I have an arris cable modem from cox and i've been trying to get on xbox live for the past couple of days and i cant.I have already tried restarting the modem from the instructions cox and xbox.com give you, but they dont work. Automatic settings will not work either, and when i manually put in the settings from my computer(ip,mask,gate,dns,and other things) i cant get past the dns test. I always get past the ip test but not the dns test. Ive gotten past the dns test twice though but it fails at the MTU test. The few times i did get past the dns test also, after turning off my xbox and then back on, it would not get past it. So does anyone know of a way i can get this to work. Also I am using a direct connection to the modem. Our router died two weeks ago.


----------



## jeremyshomename

i have the same problem.. any help??


----------



## santa1411

I figured it out. You have to unplug both the power cord and the backup battery from the modem and then either unplug the cable cord from the modem or your wall. Make sure ur 360 is off with a disk not in it. Plug an ethernet cord from the modem to the back of your 360. Turn on your 360 and then wait 30 seconds then first plug in the cable cord and then the power and battery. When like the second light on the modem comes on press the reset button and then do the same thing one more time. After that go to your xbox and do the xxrblbxx thing on your memory setting and it should work. You have to do it on the device options menu in memory i think. After all that it should work.


----------



## unbrokenmirror

just keep trying


----------



## barak87

i have an arris tm602g/ct. i had to update 6 xbox 360s for a tournament. the only thing that would work is as follows:

turn on the xbox 360 and go to the network configuration. press the reset button on the moden and right when the LINK light goes solid, (and the telephone lights are still blinking) start the xbox live connection test on the xbox 360. it will fly through the ip and dns sections and take 5 to 10 seconds to finish up. if you wait until the modem finishes the telephone part to start the test, its too late. 

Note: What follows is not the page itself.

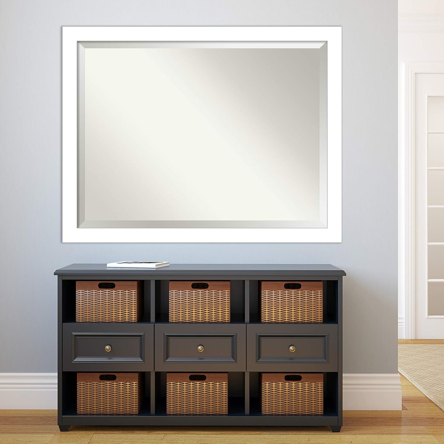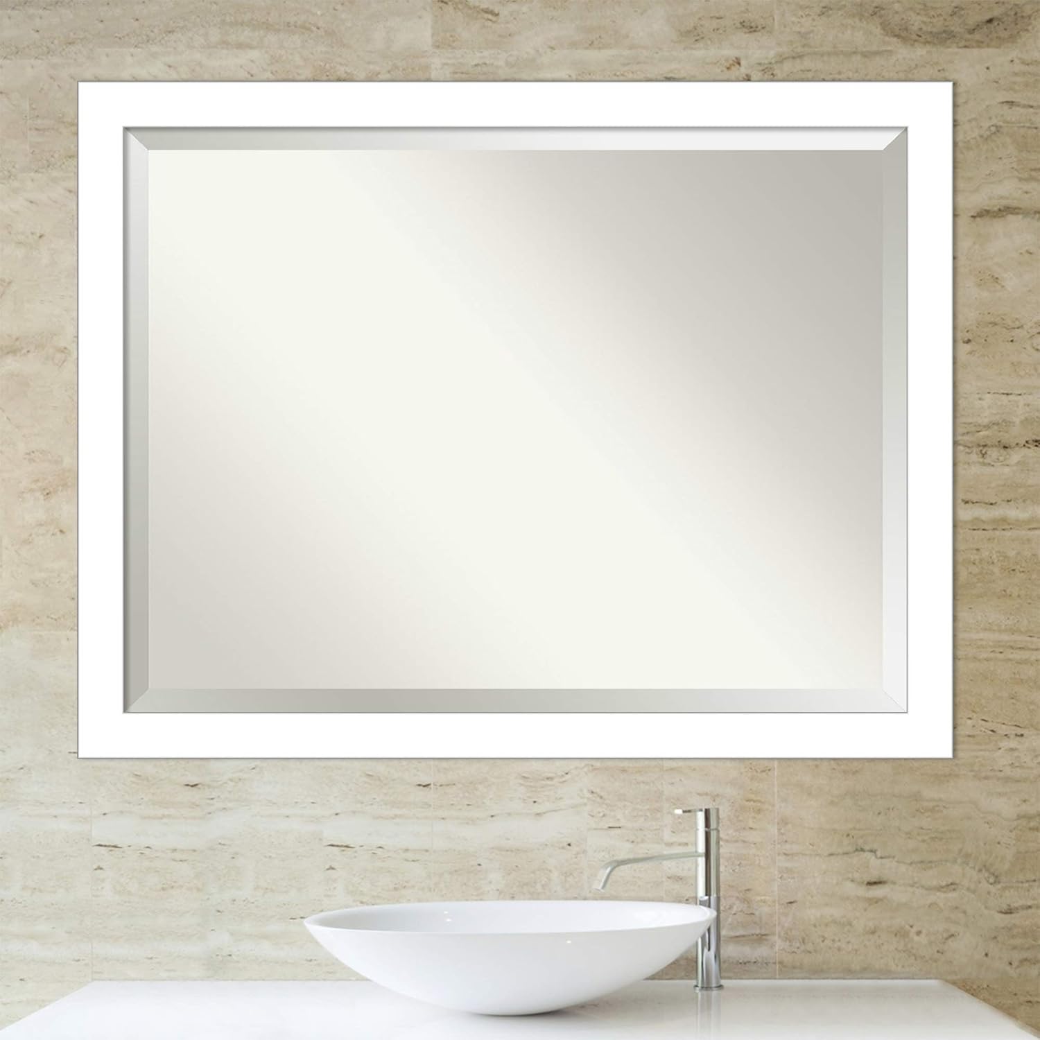 Amanti Art White Bathroom Mirror for Over Sink, 34x44 Wedge White Rectangle Vanity Mirror, X-Large Modern Contemporary Frame, Hangs Horizonally and Vertically, Bathroom Wall Decor, Beveled Edge
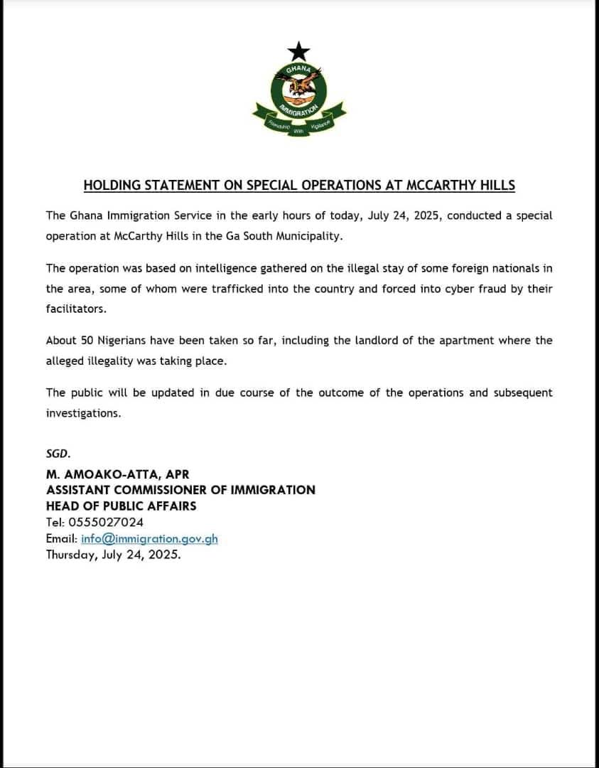 The Ghana Immigration Service (GIS) has arrested 50 Nigerian nationals, including a landlord, during a dawn operation at McCarthy Hills in the Ga South Municipality.

it worked every time flawlessly. i had to redo it every time i plugged in another 360. but it would work completely fine after i did it the first time.

i have a whole string of complaints about comcast, but those are other stories for other times....


----------



## ksr100

Hi, reseting the modem i can connect my xbox. But when i connect xbox360 I can not connect my pc using a router.

Can you tell me what I should do?

Thank You


----------